• DIRECTIONS:
Copy the data that follows exactly. Include no pictures.

:: DATA EXCERPTS

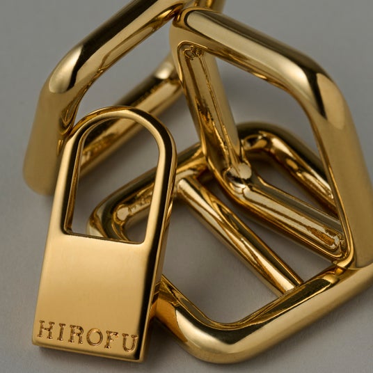 くたっと心地よくたわむフォルムや、思わず触れたくなるシルキーな手触り。新素材×ゴールドメタルが織りなす贅沢な佇まいはHIROFUならでは。
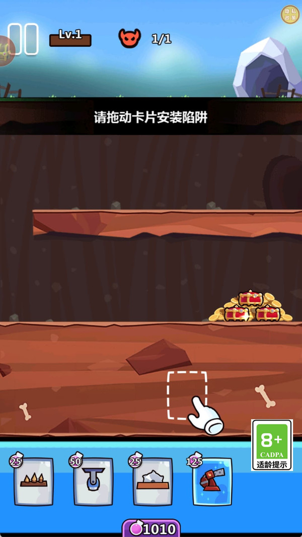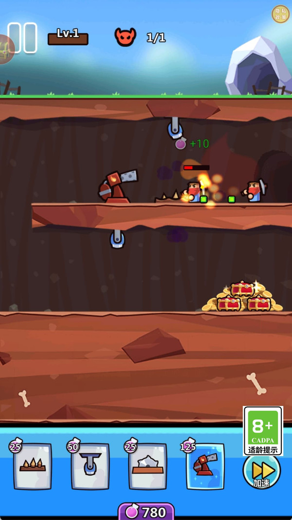 4、玩家可以不断解锁更多的陷阱卡牌,对他们进行升级提升初始攻击。
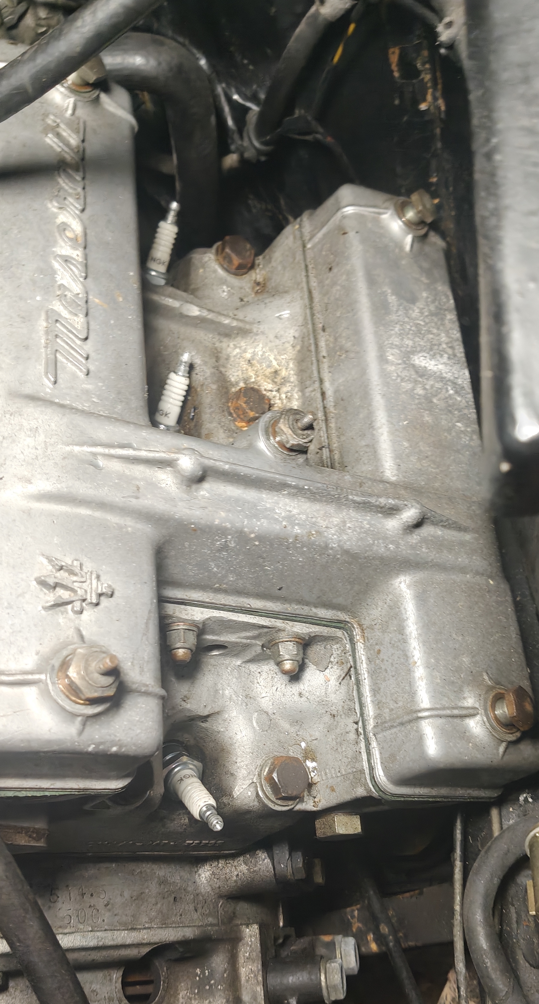 Tout d'abord, enlever le couvre culasse, c'est simple, on déboite le faisceau des fils de bougies, et le couvre culasse (en H) est maintenu par 5 boulons. Ceux-ci restent attachés au couvre culasse même une fois dévissés, pratique (ils le sont sur la photo).
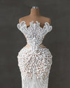 Sleeveless Bridal Dress dress lies in the intricate embellishments that adorn it. A mesmerizing array of pearls delicately graces the gown, creating a shimmering and ethereal effect. Each pearl is meticulously placed. This enhances the gown's overall allure and ensures that the bride radiates a captivating glow on her special day.
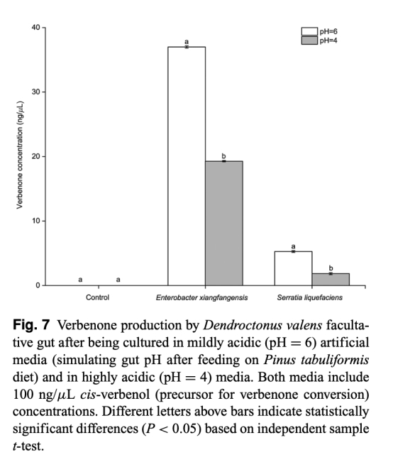 Effects of simulated gut pH environment on bacterial composition and pheromone production of Dendroctonus valens
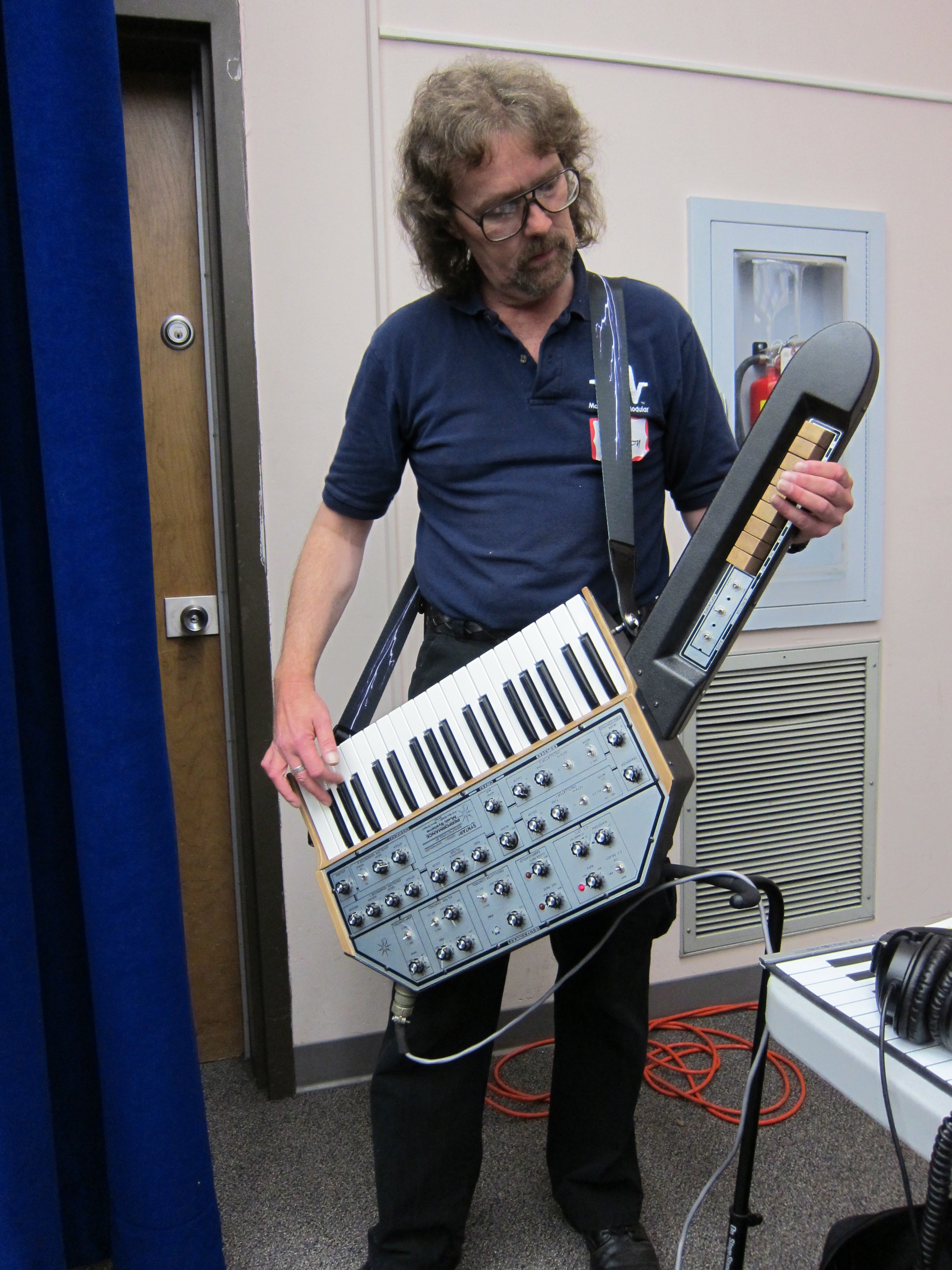 I looked real hard through every interview I could for some sort of smoking gun in regard to the keytar’s form serving a true aural function. Something about already playing one-handed on monotonic early synths making the form factor natural. Something about the position being better for emoting the tremolo-type sound with the pitch bend wheel. Something about the need for portability, for convenience, or for even choreographed dance moves. Nothing. There is no smoking gun.
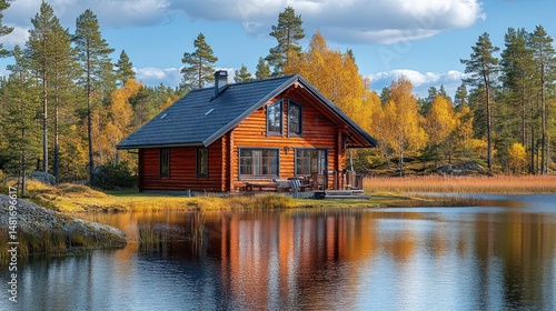 Picturesque autumnal log cabin reflecting on a calm lake.
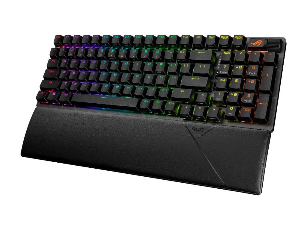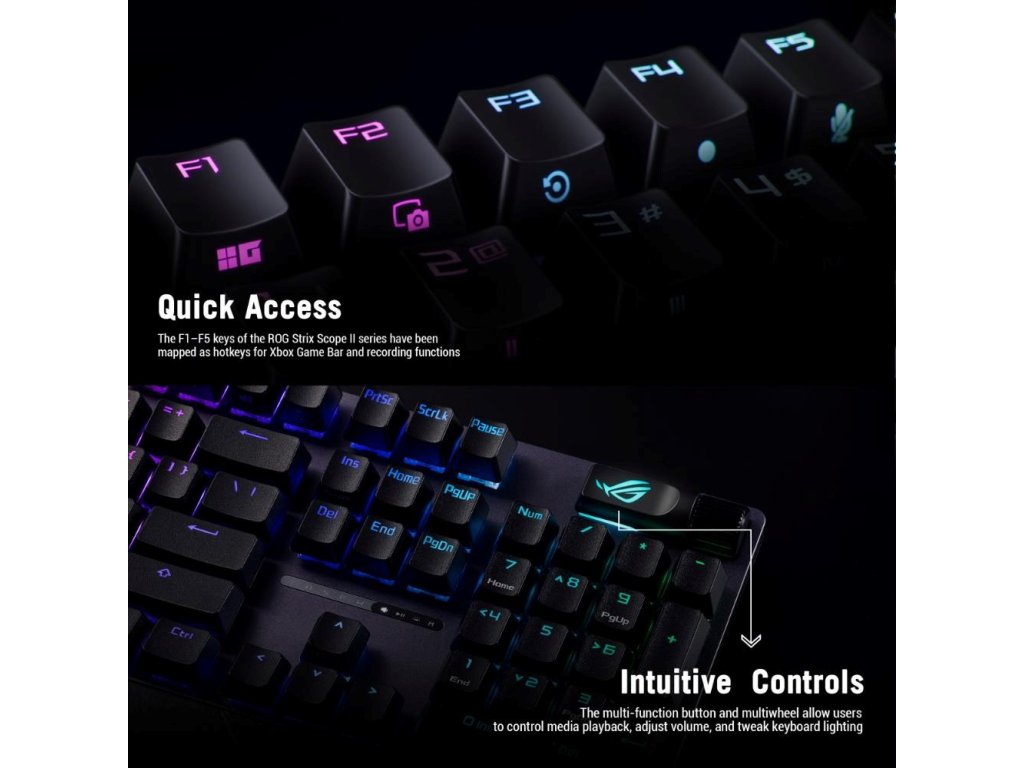 Herná klávesnica ROG Strix Scope II X s mechanickými spínačmi ROG NX V2 s možnosťou výmeny počas prevádzky, penovým tlmením hluku, zdvojenými klávesami PBT alebo ABS s UV povlakom, streamovacími klávesmi, multifunkčnými ovládacími prvkami, tromi regiónmi sklonu a opierkou zápästia.

::::

• REPLY TO THE EXERCISE:
 くたっと心地よくたわむフォルムや、思わず触れたくなるシルキーな手触り。新素材×ゴールドメタルが織りなす贅沢な佇まいはHIROFUならでは。
 4、玩家可以不断解锁更多的陷阱卡牌,对他们进行升级提升初始攻击。
 Tout d'abord, enlever le couvre culasse, c'est simple, on déboite le faisceau des fils de bougies, et le couvre culasse (en H) est maintenu par 5 boulons. Ceux-ci restent attachés au couvre culasse même une fois dévissés, pratique (ils le sont sur la photo).
 Sleeveless Bridal Dress dress lies in the intricate embellishments that adorn it. A mesmerizing array of pearls delicately graces the gown, creating a shimmering and ethereal effect. Each pearl is meticulously placed. This enhances the gown's overall allure and ensures that the bride radiates a captivating glow on her special day.
 Effects of simulated gut pH environment on bacterial composition and pheromone production of Dendroctonus valens
 I looked real hard through every interview I could for some sort of smoking gun in regard to the keytar’s form serving a true aural function. Something about already playing one-handed on monotonic early synths making the form factor natural. Something about the position being better for emoting the tremolo-type sound with the pitch bend wheel. Something about the need for portability, for convenience, or for even choreographed dance moves. Nothing. There is no smoking gun.
 Picturesque autumnal log cabin reflecting on a calm lake.
 Herná klávesnica ROG Strix Scope II X s mechanickými spínačmi ROG NX V2 s možnosťou výmeny počas prevádzky, penovým tlmením hluku, zdvojenými klávesami PBT alebo ABS s UV povlakom, streamovacími klávesmi, multifunkčnými ovládacími prvkami, tromi regiónmi sklonu a opierkou zápästia.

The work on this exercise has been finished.